Prof Noh "BLAST+ has the unfortunate characteristic of truncating subject names. If you take a look at the top of you output format 3 files, this will be most obvious. I made BLAST+ output the additional fields stitle and sscinames and because of this."
Profesor Noh's columns in her example are in the following order "qseqid sseqid pident length mismatch gapopen qstart qend sstart send evalue bitscore qcovs stitle sscinames staxid"

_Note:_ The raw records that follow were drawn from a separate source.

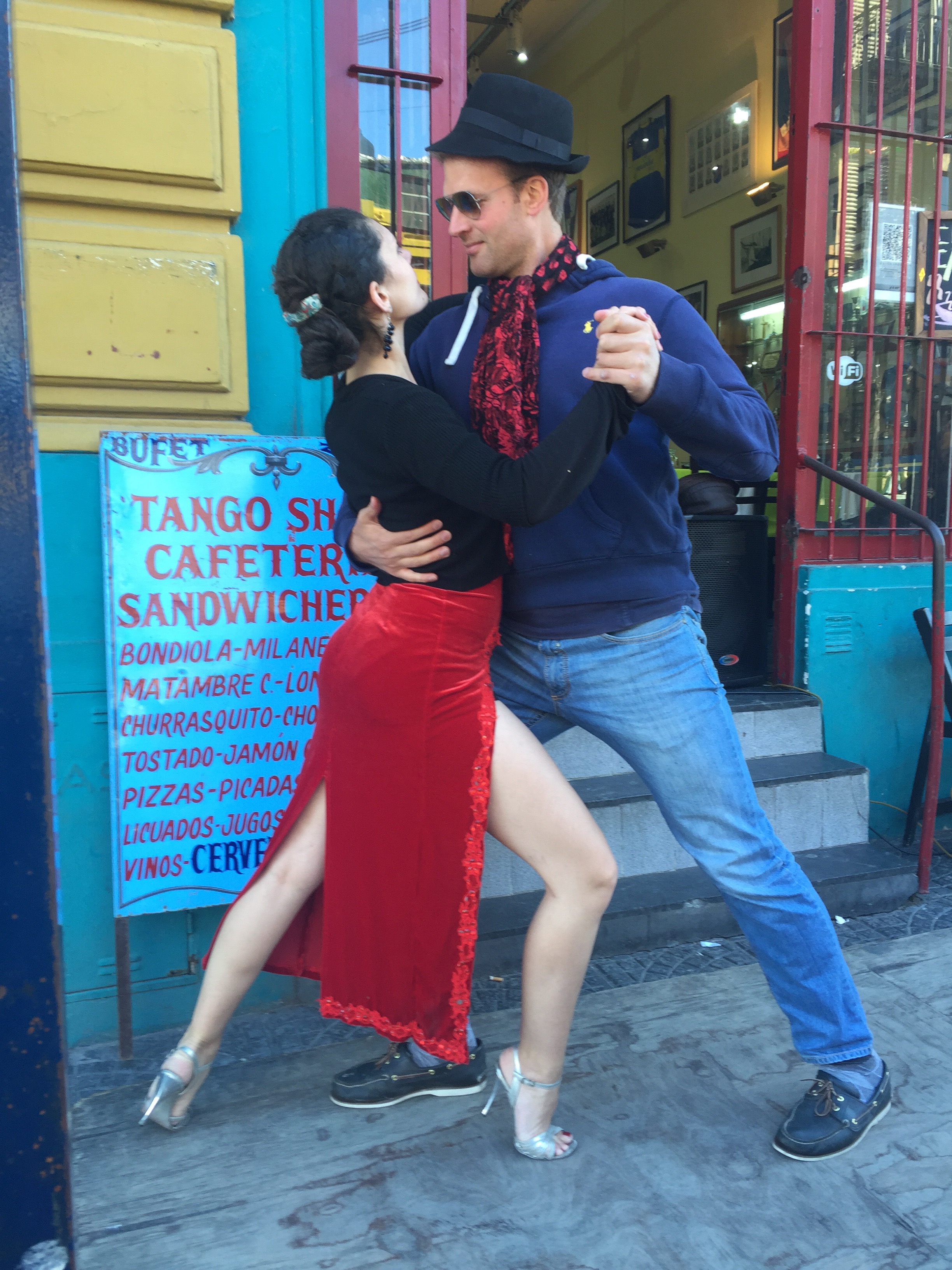 Further wanderings the following day brought me to La Boca, home to Boca Juniors, one of the most famous football teams of this entire, football-mad continent. It is a brightly coloured, vibrant quarter, although less affluent than the more central neighbourhoods. Having forgotten to take photos of my tango class, I was happy to find an obliging tango dancer who helped me to replicate, somewhat dishonestly, the poses I might have struck in my lesson.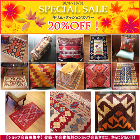 トルコのキリムとクッションカバーがALL20%OFF!!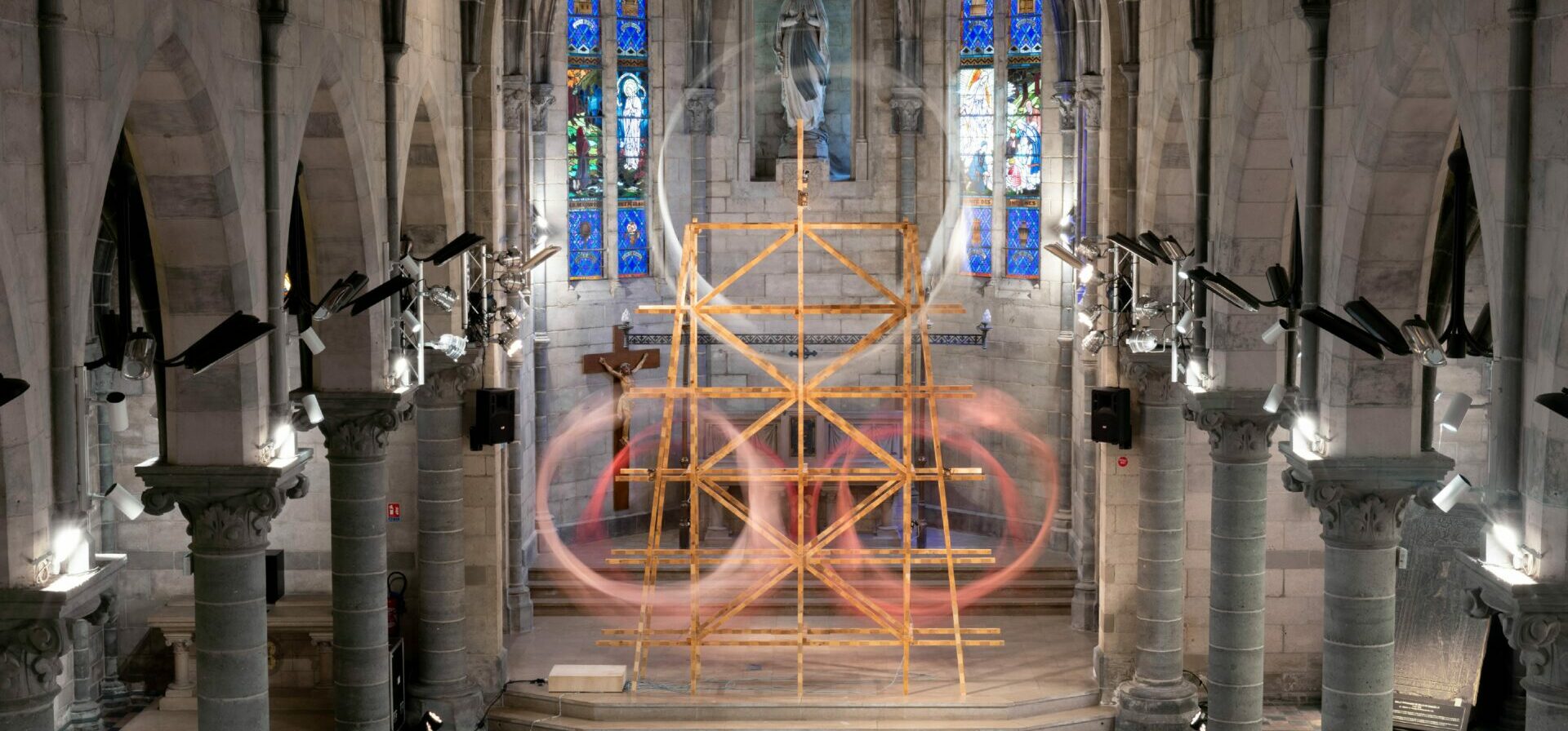 Pour l’Église Notre-Dame de Lourdes, le duo présente Fanions et Carillons, une œuvre commandée par l’Abbaye de Fontevraud en 2023 et présentée dans la Chapelle Saint-Benoît. Cet automate rend hommage à l’horloge historique de l’abbaye, en prenant vie à chaque heure et chaque demi-heure. Sa mécanique, simple et rudimentaire, ne produit pas le son des cloches, mais anime des tissus. Un ensemble de quatorze fanions inertes s’éveillent successivement, créant des formes éphémères qui se métamorphosent et se répondent. Tel un carillon silencieux, cette chorégraphie visuelle génère une mélodie visuelle, d’une durée de quelques minutes, se répétant à intervalles réguliers. Véritable symphonie éphémère de tissus !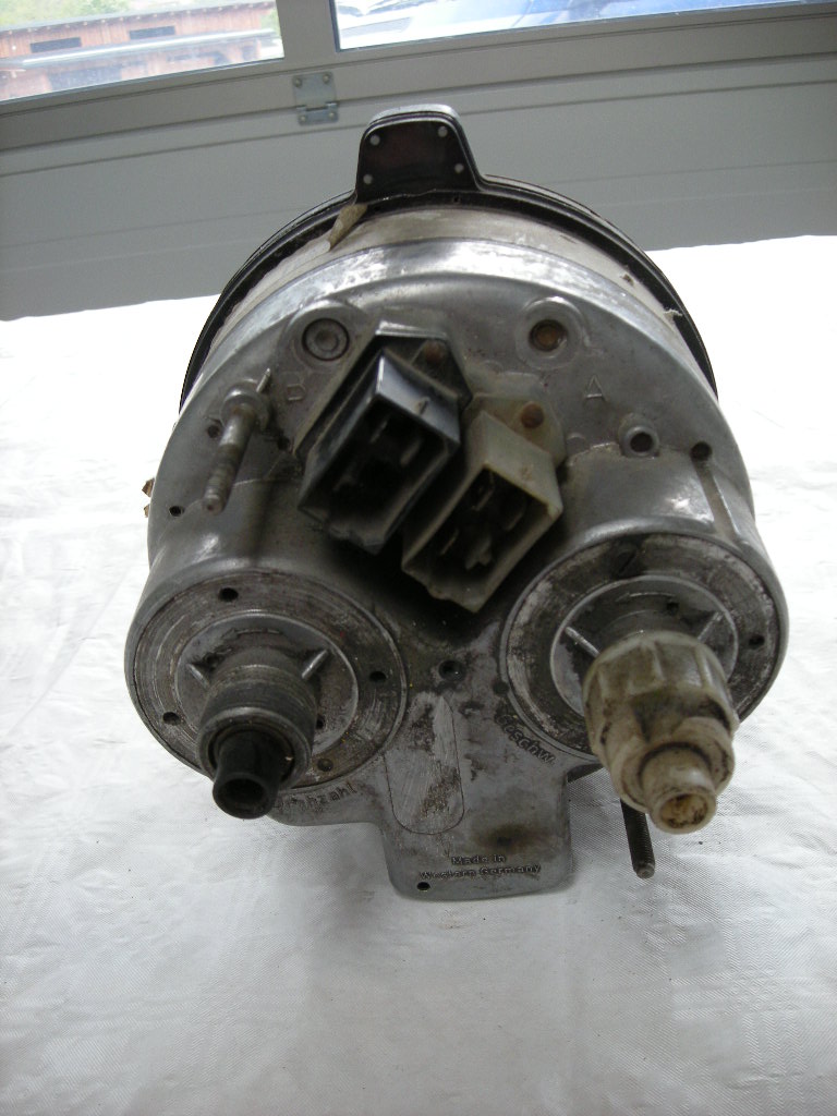 Gebrauchter Tachograph mit Drehzahlmesser, Plastikglas zerkratzt.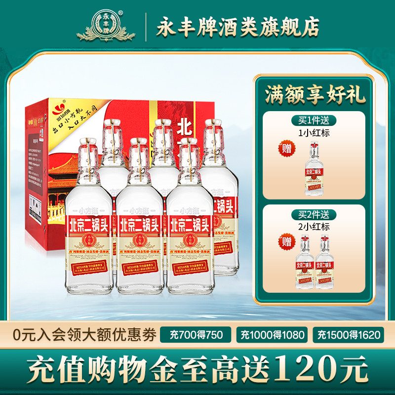 出口小方瓶北京二锅头经典42度清香型白酒6瓶/箱永丰牌官方旗舰店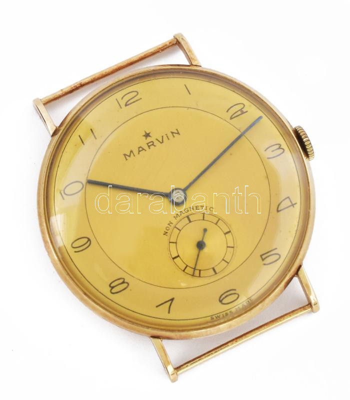 14K arany (Au) Marvin férfi karóra. Jelzett, működő, jó állapotban, pó... https://www.darabanth.com/hu/453-Gyorsarveres/453.0/Mutargy-papirregiseg-egyeb/Orak~500011/14K-arany-Au-Marvin-ferfi-karora-Jelzett-mukodo-jo-allapotban-potolt-koronaval-d-33-mm~II3018329

Each of these topics corresponds to a different $ and number
query sequence id ($1)
subject sequence id ($2)
full name of subject sequence ($14)
scientific name of subject sequence ($15)
e-value ($11)
bitscore ($12)
query coverage ($13)
and to get these into the final output table use the following command
`awk -F "\t" '{print $1,$2,$14,$15,$11,$12,$13}' OFS="\t" PROKKA_09242022_blastn_nt_prok.fnn`
This command takes the information from the output file and reorganizes it aacording to which topics you want present.

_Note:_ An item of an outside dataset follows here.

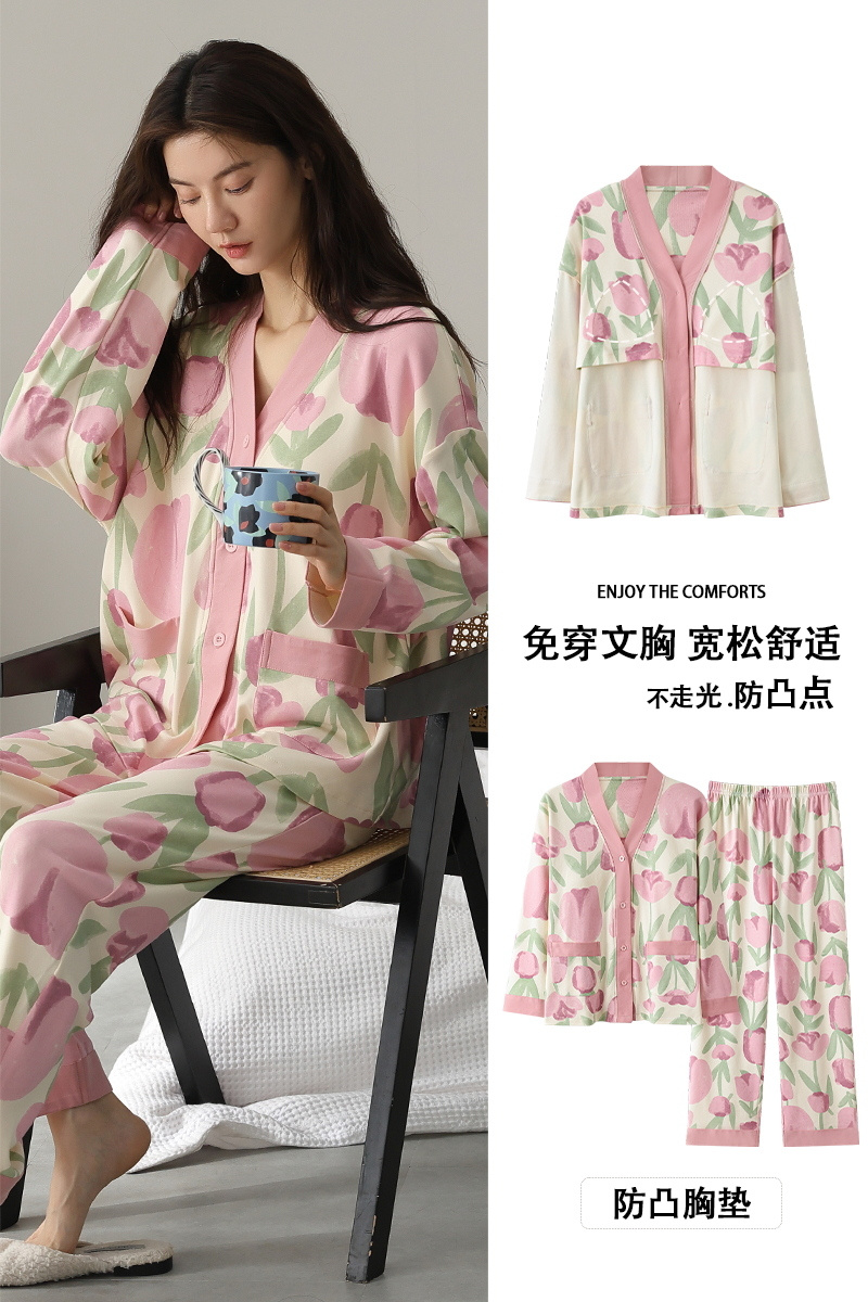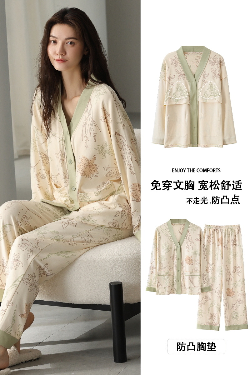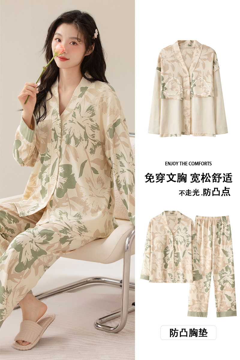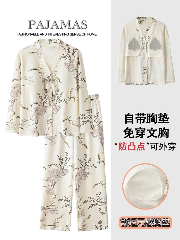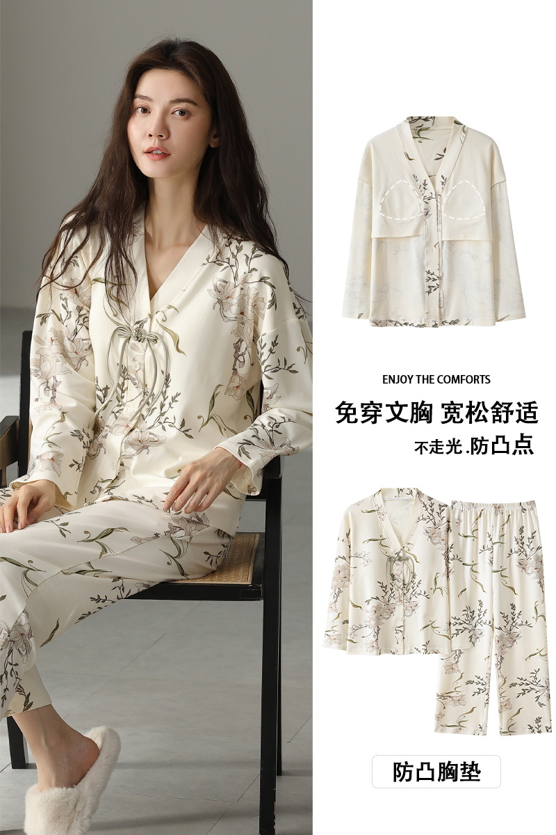 【柠可芯-国风免穿Bra家居服套装,春夏秋三季必备】十色可选 内置胸垫设计,无松紧带无束缚,升级材质,棉柔感透气亲肤高色牢度,不易褪色不起球,居家外出皆可穿

Typically, outputs in genomics are tables as they are easy for future analysis, and awk is a useful command for oragnizing these tables.
Pandas library in Python can also serve as a tool to work for tables.
###### Q1. What are the default values of the options matrix, evalue, max_target_seqs, num_descriptions, num_alignments for each type of BLAST? At what point in the BLAST search would these filters be applied, and under what circumstances would you consider using a value other than the default? (Use each command with the -help option or check out the BLAST+ online manual appendix; between the two you can see all the defaults when you do this)
blastn:
matrix: No Default (https://www.arabidopsis.org/Blast/BLASToptions.jsp)
evalue: 10
max_target_seqs: 500
num_descriptions: 500
num_alignments: 250
blastp:
matrix: Blosum62
evalue: 10
max_target_seqs: 500
num_descriptions: 500
num_alignments: 250
###### Q2. I encourage you to run blastp searches with a non-hypothetical protein that looks interesting and check out the results you get by changing some of the parameters above. Report back on what you find.
I found that the results were far less varied. This makes sense as, if a protien is known, there has already been an identified link between that protien and an origin species.